* Recorded information
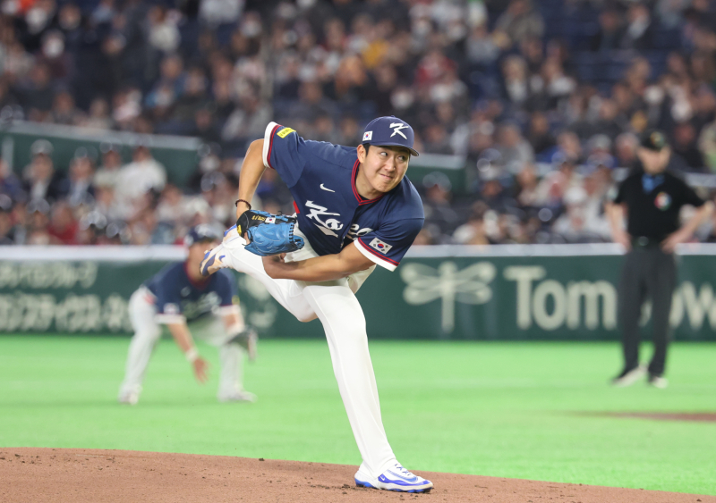 손주영은 9일 일본 도쿄돔에서 열린 호주와의 ‘2026 월드베이스볼클래식(WBC)’ C조 4차전 경기에서 선발투수로 나와 1이닝 동안 5명의 타자를 상대로 1피안타 1사사구 무실점을 기록했다. 2회말 한국이 2-0으로 이기고 있다.
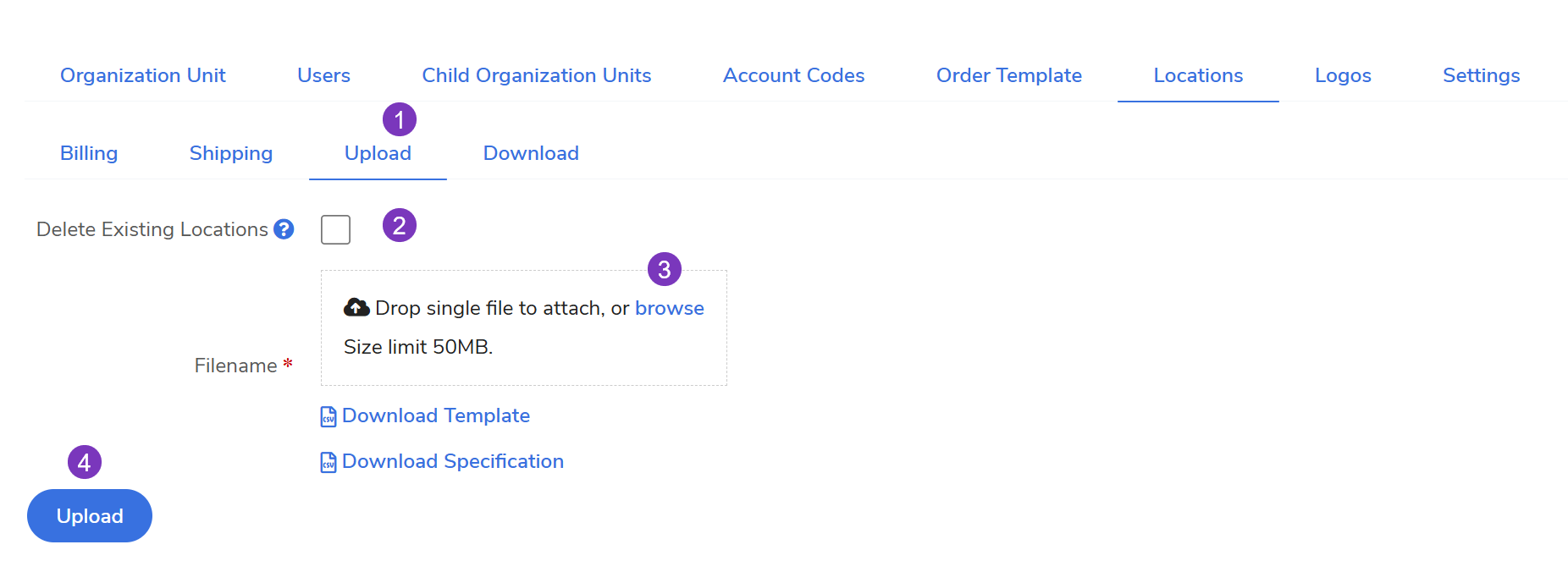 Deletions: If a Ship-to address is removed via upload, it will be automatically removed from the profile of any user who had it set as their default.
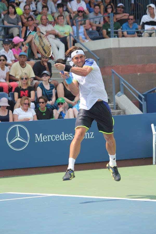 David Ferrer advanced to the U.S. Open quarterfinals Monday after his 7-6, 3-6, 7-5, 7-6 win over Janko Tipsarevic
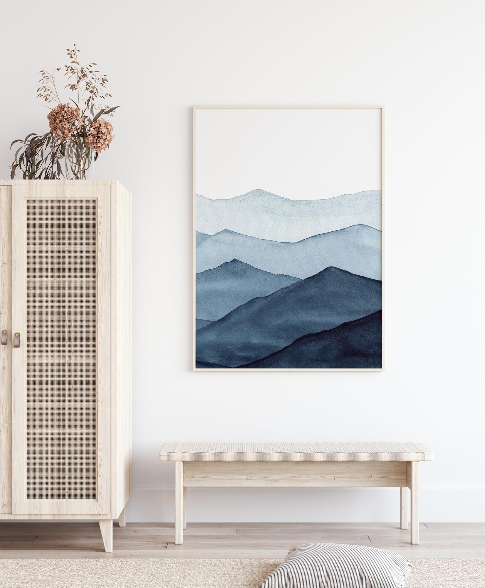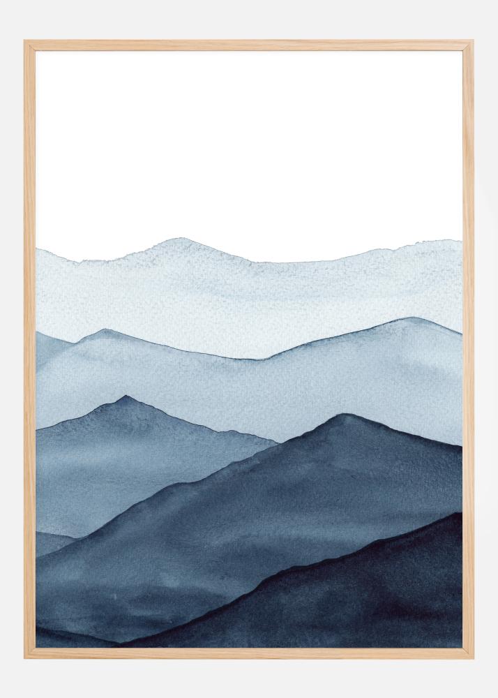 En fantastisk minimalistisk poster av en rad blå berg. Det närmaste berget är en mörk nyans av blått där färgerna blir mer urlakade när bergen försvinner i fjärran. De mjuka blåa färgerna är perfekta för att skapa en sval, men lugnande stämning när du stirrar ut i fjärran.
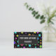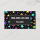 This fun, multicolored business card design features a pattern of star shapes of various sizes and coloured a variety of colours on a black background. The front also features a dark-coloured rectangular shaped area containing a name and a profession/role/title/position that can both be customised. The back features a simple design including a name, a profession/role/title/position, and contact information that can be personalised. This business card design could be used by a professional, or perhaps by a small business owner. [~Z0000061]
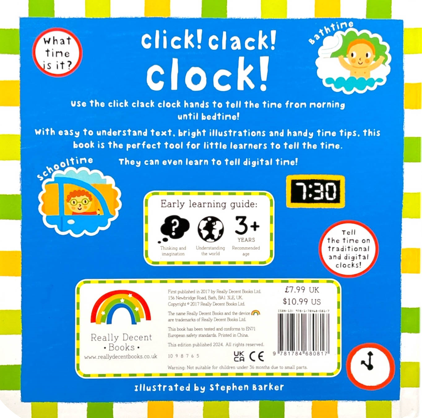 Use the click clack clock hands to tell the time from morning until bedtime! With easy to understand text, bright illustrations and handy time tips, this book is the perfect tool for Little Learners to tell the time. They can even learn to tell digital time!

* Your goal
For this exercise, reproduce exactly the lines of the records above from the one with "David Ferrer advanced" up to and including the one with "En fantastisk minimalistisk", without pictures.

* Final answer
 David Ferrer advanced to the U.S. Open quarterfinals Monday after his 7-6, 3-6, 7-5, 7-6 win over Janko Tipsarevic
 En fantastisk minimalistisk poster av en rad blå berg. Det närmaste berget är en mörk nyans av blått där färgerna blir mer urlakade när bergen försvinner i fjärran. De mjuka blåa färgerna är perfekta för att skapa en sval, men lugnande stämning när du stirrar ut i fjärran.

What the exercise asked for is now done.